Japan's stock market went on another wild ride on Monday as the benchmark Nikkei index tumbled as much as 4 percent before paring losses in a third day of volatile trade.
Losses were underpinned by uncertainty in the Japanese government bond (JGB) market, where yields on the benchmark 10-year note last traded at 0.83 percent after spiking to 1 percent last week, their highest level in a year.
"We think it's time to be really cautious and possibly get short. At around 16,000 on the Nikkei, you've priced in a huge amount of whatever recovery might come but that's happened in such a short period of time that the real economy hasn't had time to catch up with monetary measures," said Kingsley Jones, Founder and CIO at Jevons Global.
"Last week was really a warning shot that money in the Nikkei is not in there for the long haul. It's ready to come out at the first sign of trouble," he added.
(Read More: Hard to See Smooth QE Exit in US, Japan: Dallara)
The rest of Asian stock markets were mixed. Australia's S&P ASX 200 pared losses from an earlier one-month low, the Shanghai Composite was steady and South Korea's Kospi bucked regional weakness to add 0.3 percent.
Financial markets in the U.S. will be shut on Monday for the Memorial Day holiday.
Nikkei Closes Below 14,200
Minutes from April's Bank of Japan (BOJ) meeting revealed that some board members were eyeing steps to improve JGB liquidity back in late April.
There is some talk in markets as to whether the attempts to anchor bond yields will push the yen higher. The currency traded at 101 per dollar, well-off last week's four-and-a-half-year low of 103.
(Read More: Data to Show Signs of Life in Japan's Economy?)
"It's quite normal to expect 10-year JGB yields by the end of this year moving up to 1.5 percent," said Bob Parker, Senior Advisor, Credit Suisse.
Parker dismissed the significance of the bond market sell-off, saying that the BOJ has overtaken banks as the biggest buyer of JGBs and will provide further support to the market.
Manufacturers suffered the brunt of the Nikkei's losses with Nisshin Steel down 10 percent and machinery maker NSK falling 9.6 percent.
Sydney Down 0.5%
Australia's benchmark index pared losses after tanking as much as 1 percent to hit a one-month low earlier in the session at 4,931 points.
Resource stocks were some of the biggest losers on the index after Shanghai steel futures posted their second weekly loss. Gindalbie Metals tanked 7.7 percent, while Western Areas closed down 7 percent.
Retailer David Jones slumped as much as 4 percent after its third quarter total sales fell over 2 percent as a warm start to winter hurt sales.
The Australian dollar traded within range of last week's one-year low of $.095. Experts warn of the pressure in the yield trade if the currency continues to slide.
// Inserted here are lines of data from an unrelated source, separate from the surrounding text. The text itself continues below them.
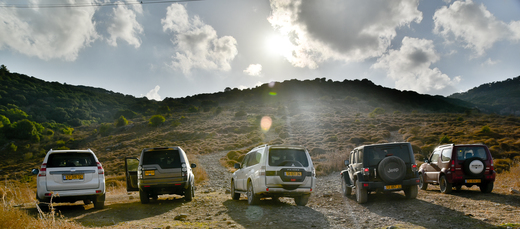 על השבילים ובין ההרים, הסוזוקי הקטן מרגיש בבית. יש לו בסיס גלגלים קצרצר וזוויות מרכב מעולות, שמונעות ממנו להסתבך במקומות שבהם היעדר האלקטרוניקה עלול להפריע. הוא יושב על שלדת סולם קשיחה ומצויד בהילוך כוח, ובעיקר הוא מחבר את הנהג באופן בלתי אמצעי לקרקע, והוא הדבר הקרוב ביותר שחווינו לטיול על גבי חמור. או סתם ברגל. יחד עם זאת, חוסר הנוחות והקופצניות של הסוזוקי ג'ימני בלטו מאוד לרעה, בטח בהשוואה לטויוטה לנדקרוזר והלנדרובר דיסקברי ואפילו בהשוואה לשניים האחרים. נסיעת שטח ארוכה בג'ימני נועדה ככל הנראה לגילאים יותר צעירים מהאחרים.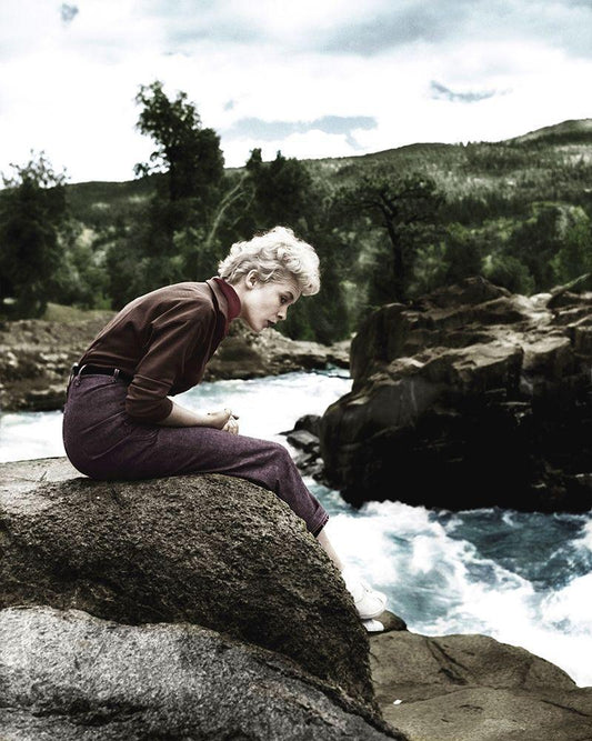 Janet Leigh - The Naked Spur White Modern Wood Framed Art Print with Double Matting by Hollywood Photo Archive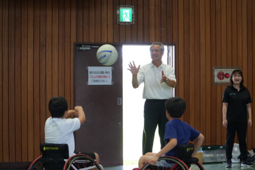「車いすポートボール」はパラ学でおなじみの”カトちゃん”こと加藤正さんが講師を担当。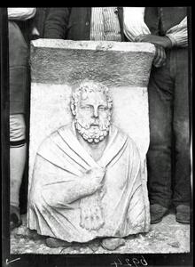 Part of the collection of images, 1906-1910, of the British School at Athens excavations at Sparta, Laconia. The original description in the SPHS register reads: "Sparta: upper part of Heracles herm from Arapissa".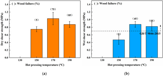 Effects of hot pressing temperature on the bond performance of plywood: (a) dry shear strength and (b) wet shear strength.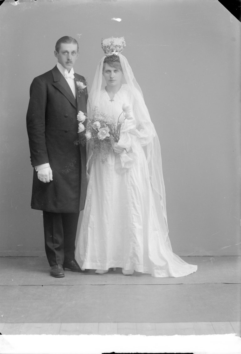Ett brudpar står vid en pinnstol, bruden i vitt.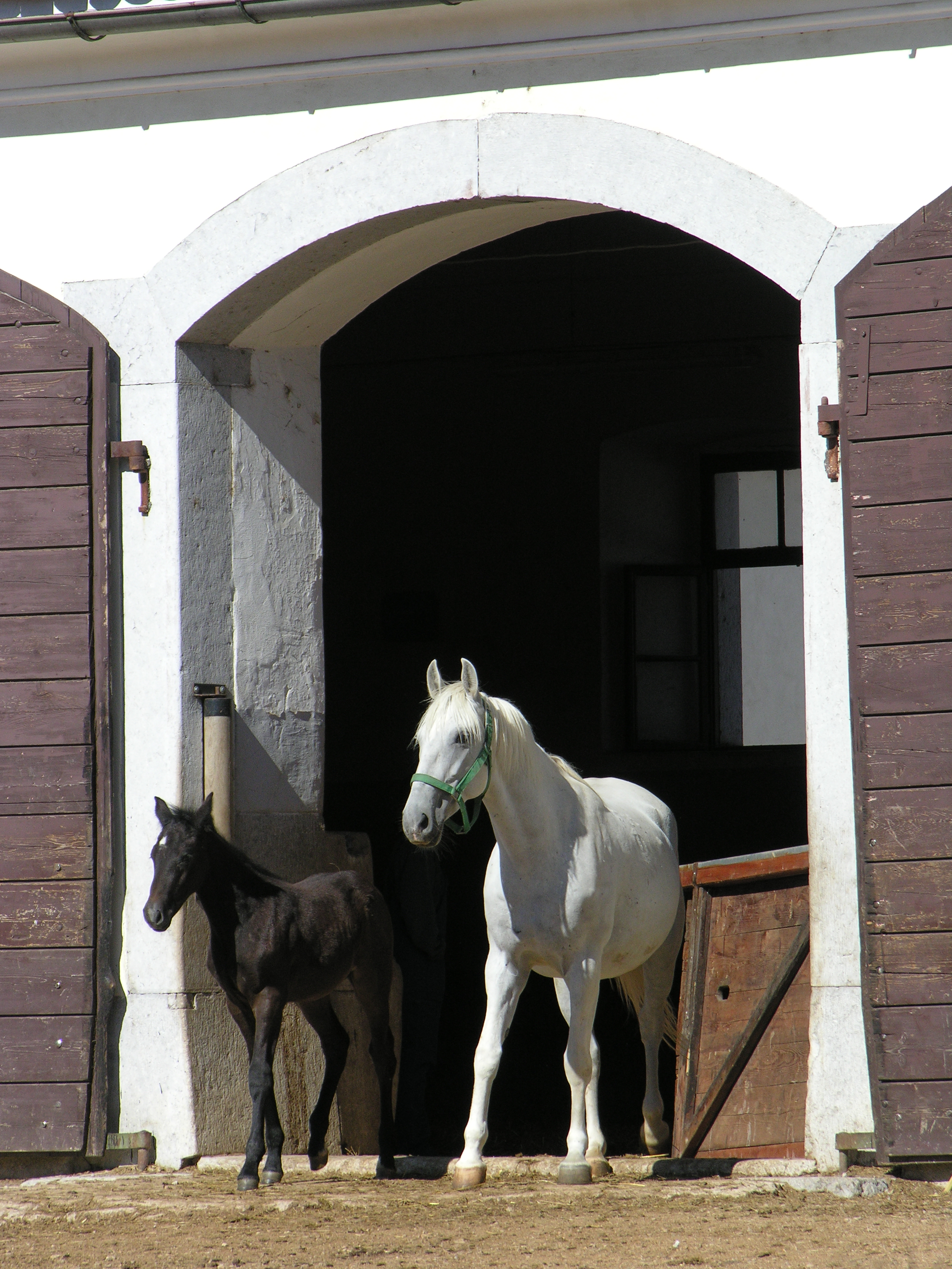 | Description | Lipizzaner mare and foal at the Lipica Stud Farm, the royal stud farm was established by the Hapsburg Archduke Charles in the abandoned summer residence of the Bishop of Trieste in 1578 |

"If the dollar does fall back to 90 cents as is appears to be, international clients will start to lose out on the differentials. The profits in the banks are particularly glaring, and repatriation is key for international investors. Losing out in the currency pairs would see the shine in the trade tarnished," said Evan Lucas, market strategist, IG.
Shanghai Up 0.2%
Mainland markets were weighed down by weakness in real estate developers as rumors grows that the government may expand property tightening measures.
Gemdale and Vanke slipped 1 percent each. Recent property curbing measures such as higher down-payments have not yet succeeded in cooling rising home prices.
Kospi Up 0.3%
Technology stocks helped Seoul's index outperform Asian peers and come off Friday's nine-day low of 1,961 points.
Electronics firm Daewoo and KP surged 15 percent each as optimism about the outlook for retail sales grew on news that South Korea's key consumer sentiment measure rose in May, according to a central bank survey.